After a mutation completes, related query caches should be invalidated (or at minimum, re-fetched), so that active subscriptions receive updated data.

Actual Behavior

Query caches persist indefinitely after mutations. The MutationManager and QueryManager are completely isolated with no cross-communication.

Root Cause Analysis

After reviewing the SDK source code (@firebase/data-connect/dist/index.esm.js), the following issues were identified:

1. PREFER_CACHE behavior is hardcoded with no fetch policy option

In QueryManager.addSubscription(), the SDK always returns cached data if available and only fetches from the server when no cache exists:

// QueryManager.addSubscription()
if (trackedQuery.currentCache !== null) {
    // Returns cached data immediately
    onResultCallback({
        data: cachedData,
        source: SOURCE_CACHE,
        ref: queryRef,
        fetchTime: trackedQuery.currentCache.fetchTime
    });
}
// Only fetches if NO cache exists
if (!trackedQuery.currentCache) {
    const promise = this.executeQuery(queryRef);
}

There is no way to configure fetch policies like cache-and-network or network-only.

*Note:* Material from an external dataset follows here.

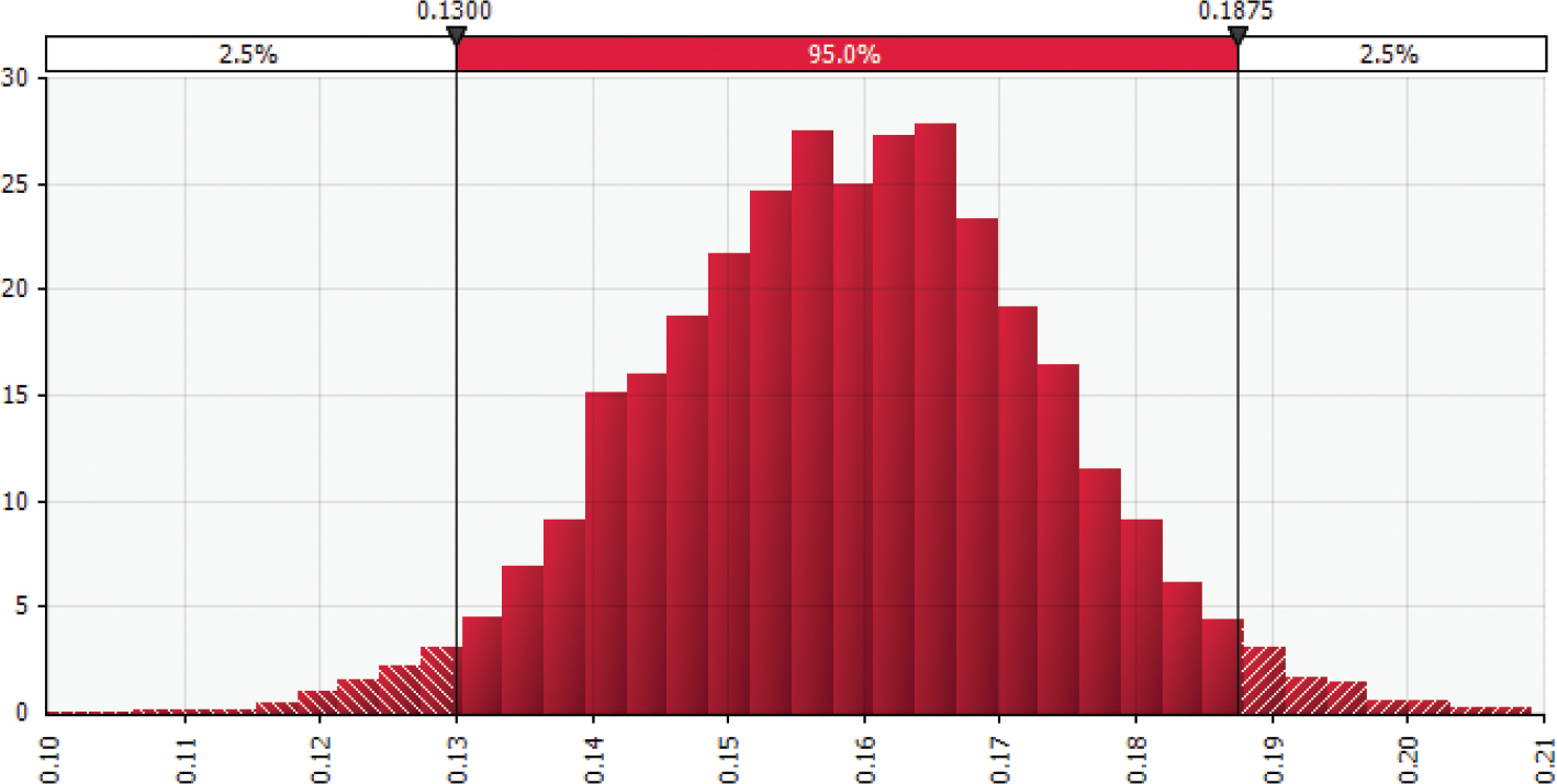 Fig. 3. Distribution of Monte Carlo simulation results for the Canadian healthcare cost savings given a 20% increase in adherence to Mediterranean-style diet, in year 2017 Can$ billion. Illustrates the distribution of 10,000 Monte Carlo simulation results for estimated cost savings from adopting MedDiet in Canada (measured in year 2017 Can$ billion). These include direct cost savings, for example, from fewer prescribed medications and hospital stays, and indirect cost savings, for example, from lost productivity and mortality. We found 95% of simulation results fell between Can$0.29 and $0.34 billion. Results generated by using the @RISK software for Microsoft Excel.

2. MutationManager is completely isolated from QueryManager

class MutationManager {
    executeMutation(mutationRef) {
        const result = this._transport.invokeMutation(mutationRef.name, mutationRef.variables);
        // ... only tracks the promise in _inflight array
        // NO cache invalidation logic
        return withRefPromise;
    }
}

Both managers are instantiated independently with no reference to each other:

this._queryManager = new QueryManager(this._transport);
this._mutationManager = new MutationManager(this._transport);

3. No dependency tracking between mutations and queries

TrackedQuery contains no metadata about data dependencies:

const newTrackedQuery = {
    ref,
    subscriptions: [],
    currentCache: initialCache || null,
    lastError: null
    // No dependency info, no invalidation flags
};

4. Date comparison is only used for cache version ordering

compareDates() is only used to compare two cached versions of the same query. It never checks whether a mutation has occurred since the cache was set.